Frank: “Wat heeft je gemotiveerd om die opleiding te volgen?”

Anima: “Diabetes is zo wijdverspreid, ik vond het interessant om mij daarin echt te verdiepen. Er komen steeds nieuwe innovaties waardoor we in de toekomst hopelijk minder hoeven te prikken om de glycemie (suikergehalte in het bloed, red.) te meten. We geven ook advies rond levensstijl, maar de focus ligt op de technische taken.” 

Elke dag anders

Het is 16 uur, de avondspits trekt zich op gang. Het wordt snel duidelijk dat je als thuisverpleegkundige ook maar beter de vaardigheden van een taxichauffeur onder de knie hebt: veilig maar assertief rijden, obstakels tijdig inschatten, in een vingerknip parkeren. “Soms is het verkeer een extra uitdaging, gelukkig kennen we elk weggetje hier.” 

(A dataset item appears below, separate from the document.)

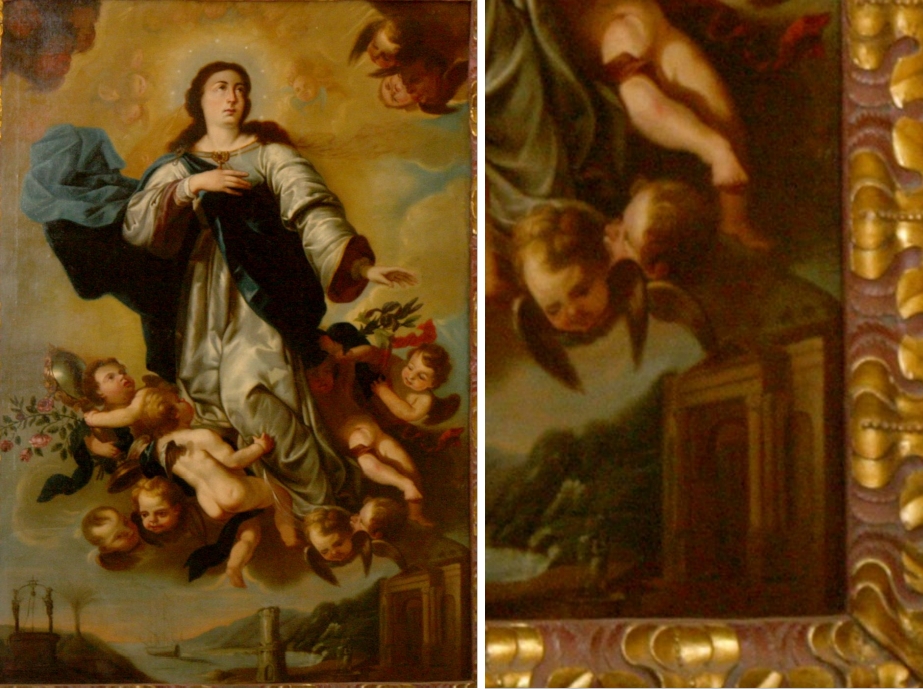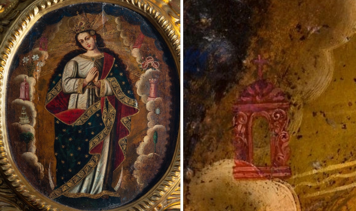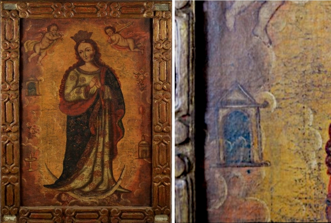 Diese Malerei wird in der Sammlung der Universität von Barcelona aufbewahrt (Inventarnummer 1143A). Entstanden ist das 212 x 137 große Bild um 1750 vermutlich in Madrid. Der Aufbau ist für eine Barockmalerei klassisch und steht in der Nachfolge von Bartolome Esteban Murillo und von Francisco de Solís. Ungewöhnlich ist, dass die Marienfigur hier nicht Ruhe und Verlässlichkeit ausstrahlt, sondern wie getrieben durch das Bild weht. Ihre Mondsichel, auf der sie mehr kniet als steht, ist ganz nach rechts gerückt und seht direkt über der Himmelspforte, dem größten einiger Mariensymbole, die sich fast alle am unteren Rand finden (Ausnahme Marienspiegel). Rechts ist es eine massive Pforte, hinter der ein weiteres Bauwerk angrenzt. Es kann sich also um eine Himmelspforte mit weiterer Architektur handeln, allerdings ebenso um das Domus Aurea. Da die Symbole im 18. Jahrhundert gewöhnlich nicht mehr mit einem lateinischsprachigen Schriftband versehen wurden, ist die Zuweisung weniger eindeutig.

’s Morgens doet Anima ‘het toilet’ van de patiënten: mensen wassen, helpen aankleden, windels en steunkousen aandoen, maar ook wondverzorging en insuline-spuitjes geven. “’s Avonds moeten de steunkousen weer uit, doen we pyjama’s aan, geven we opnieuw spuitjes …” 

Wie denkt dat deze job ooit routineus wordt, slaat de bal mis. “Elke dag is onvoorspelbaar. Soms raak je zelfs niet binnen omdat er iemand gevallen is. Dan moet je beginnen rondbellen om aan een sleutel te geraken.” 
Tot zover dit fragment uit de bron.